Things are even funnier because cone excursion for a given low frequency "note" and volume is also strongly dependent on the type and size of the enclosure employed, and on the placement of that enclosure within the room, the cabin of the car, or whatever place else (it's determined by surrounding geometry, being the lowest cone displacement achieved in corners and the highest in free space).

This, together with the efficiency figures, yields power ratings quite *useless* in determining how loud a speaker can sound.

Speaker design is much much more than a matter of claimed power ratings and frequency ranges. Indeed there is a whole lot of stuff about speaker design waiting to be learnt by anybody interested.
 
You guys are giving Mr. static way too much serious, accurate information.

He uses "lol" as punctuation. He thinks he will have an 800W Alpine amp. They don't make a 4x200W amp. As you guys have rightly pointed out - there is no door speaker that can handle 200W. Maybe if crossed over at 200hz.

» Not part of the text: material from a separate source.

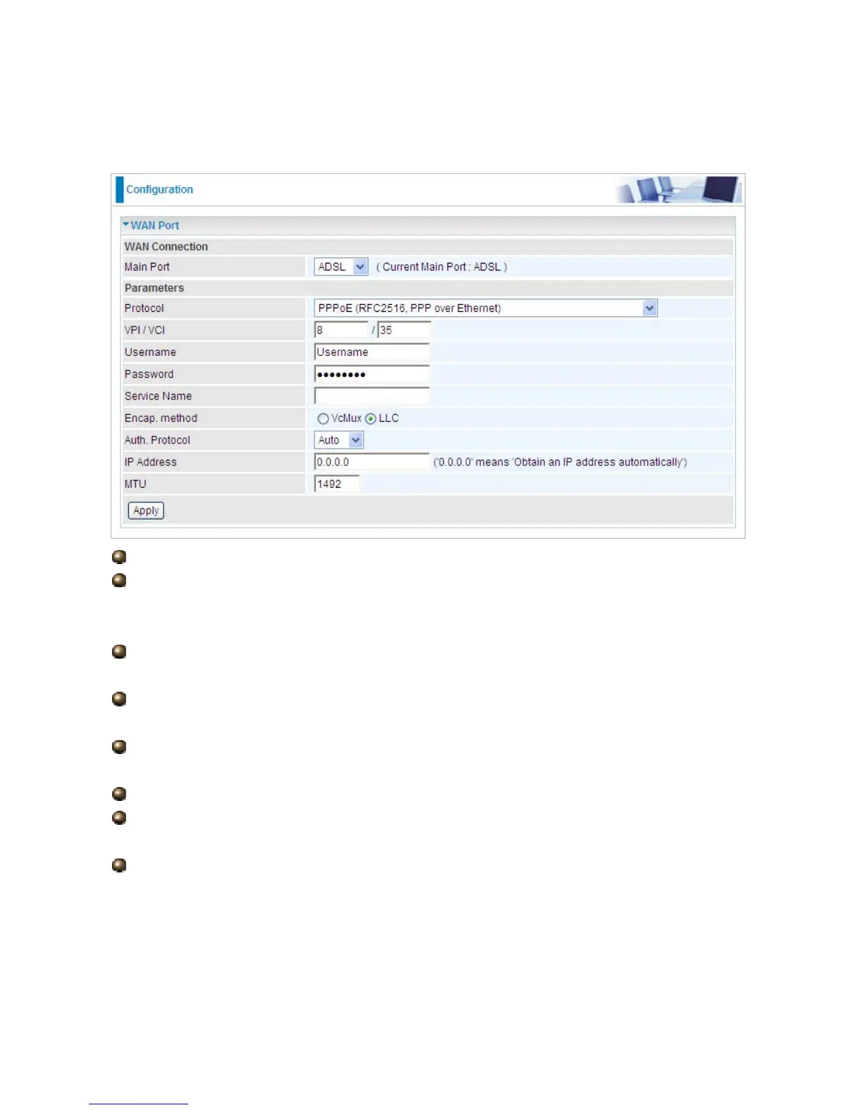 Encap. method: Select the encapsulation format, the default is LLC. Select the one

The guy asked if he had a Jeep - Static has a Jeep GRAND CHEROKEE, which is not what most people think of as a Jeep. A CJ-7 is a Jeep.

lol is what I'm doing.
 
for 6" (7" really) look at Dynaudio, Scan-speak, or Focal....some of them can take serious punishment...Scan-speak for examply has tweeters with a 225 RMS continuous power rating...and some of the Dynaudio drivers were ratedfor 1000 watt bursts and stable.